QCFractal icon indicating copy to clipboard operation
QCFractal copied to clipboard

Clean up submitted LSF jobs on graceful termination

Open jchodera opened this issue 6 years ago • 3 comments

Describe the bug During my brief testing earlier today, when qcfractal-manager is terminated with ctrl-c, even though it terminates gracefully, it does not clean up the jobs it submitted to the LSF queue upon termination.

To Reproduce

  1. Start qcfractal-manager on an LSF system
  2. Terminate qcfractal-manager with ctrl-c
  3. Observe that jobs remain in the LSF queue with bjobs

Expected behavior If qcfractal-manager has the opportunity to terminate gracefully, it should bkill the jobs it submitted.

Additional context This was observed on the MSK lilac cluster.

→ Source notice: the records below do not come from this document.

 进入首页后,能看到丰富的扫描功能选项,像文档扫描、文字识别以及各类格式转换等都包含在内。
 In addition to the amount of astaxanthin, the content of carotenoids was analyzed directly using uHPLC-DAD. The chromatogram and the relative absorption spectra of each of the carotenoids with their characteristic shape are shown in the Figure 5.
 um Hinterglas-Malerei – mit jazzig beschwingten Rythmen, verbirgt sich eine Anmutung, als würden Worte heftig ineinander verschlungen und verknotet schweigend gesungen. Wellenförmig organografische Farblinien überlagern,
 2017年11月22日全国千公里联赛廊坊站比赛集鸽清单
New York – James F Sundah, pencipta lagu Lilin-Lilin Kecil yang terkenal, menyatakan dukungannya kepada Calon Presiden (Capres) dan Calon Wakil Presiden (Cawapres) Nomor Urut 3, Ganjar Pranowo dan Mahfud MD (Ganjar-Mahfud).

jchodera avatar May 15 '19 00:05 jchodera

By and large these jobs are killed when the manager shuts down, but some do slip through for unknown reasons. When one of these jobs lands it will die in a few seconds as it is unable to find its scheduler so it should not be considered too harmful.

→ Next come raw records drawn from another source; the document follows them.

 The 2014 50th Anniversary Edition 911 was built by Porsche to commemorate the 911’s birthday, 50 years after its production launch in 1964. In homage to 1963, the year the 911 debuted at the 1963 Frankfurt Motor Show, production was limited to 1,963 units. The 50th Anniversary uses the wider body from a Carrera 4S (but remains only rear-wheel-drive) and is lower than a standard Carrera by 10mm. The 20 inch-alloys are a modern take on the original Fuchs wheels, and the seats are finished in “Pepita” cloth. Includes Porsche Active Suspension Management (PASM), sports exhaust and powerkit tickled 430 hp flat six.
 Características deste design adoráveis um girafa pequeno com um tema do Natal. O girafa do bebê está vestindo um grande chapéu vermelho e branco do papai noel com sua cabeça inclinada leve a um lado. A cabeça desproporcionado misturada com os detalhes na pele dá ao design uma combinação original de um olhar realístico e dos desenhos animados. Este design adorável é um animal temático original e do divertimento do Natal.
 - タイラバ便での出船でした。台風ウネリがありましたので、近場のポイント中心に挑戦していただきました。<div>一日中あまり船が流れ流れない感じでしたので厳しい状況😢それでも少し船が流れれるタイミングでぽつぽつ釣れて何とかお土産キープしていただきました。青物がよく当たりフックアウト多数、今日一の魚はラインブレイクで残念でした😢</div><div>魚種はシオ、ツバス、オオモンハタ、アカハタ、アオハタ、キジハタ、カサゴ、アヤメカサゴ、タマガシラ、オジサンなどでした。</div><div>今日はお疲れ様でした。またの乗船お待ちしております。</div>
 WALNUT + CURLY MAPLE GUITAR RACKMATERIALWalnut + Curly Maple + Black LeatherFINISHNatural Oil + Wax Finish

As we depend on other distributed queue managers for this capability we are unlikely to fix this ourselves. We can pass the bug report along to dask-jobqueue however.

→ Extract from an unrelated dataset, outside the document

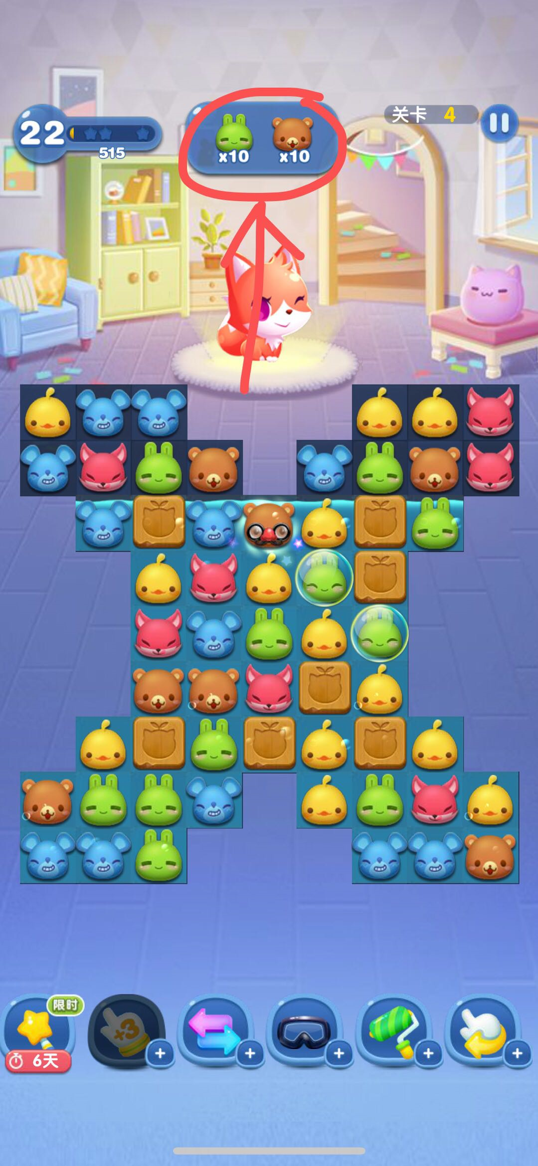 在游戏界面里,玩家得留意上方展示的通关要求,像图中的通关要求就是要消除10只兔子和10只熊,用越少的步骤完成关卡任务,能获得的分数就越高。

dgasmith avatar May 15 '19 13:05 dgasmith

By and large these jobs are killed when the manager shuts down, but some do slip through for unknown reasons. When one of these jobs lands it will die in a few seconds as it is unable to find its scheduler so it should not be considered too harmful.

This is not the behavior I have observed. Queued jobs sit in the queue for some time. If a misconfiguration (such as the GB/MB/KB dask issue) led to the job requesting an unsatisfiable amount of resources, the job will sit in the queue indefinitely.

jchodera avatar May 15 '19 14:05 jchodera

Ok, good to know. This is likely a specific combination of dask and LSF as the above behavior works for SLURM/PBS/etc. We will be pushing some changes upstream to dask-jobqueue and will note this issue there.

dgasmith avatar May 15 '19 14:05 dgasmith

New manager is Parsl-based, which I think does a better job with LSF. But would need additional testing

bennybp avatar Sep 14 '23 16:09 bennybp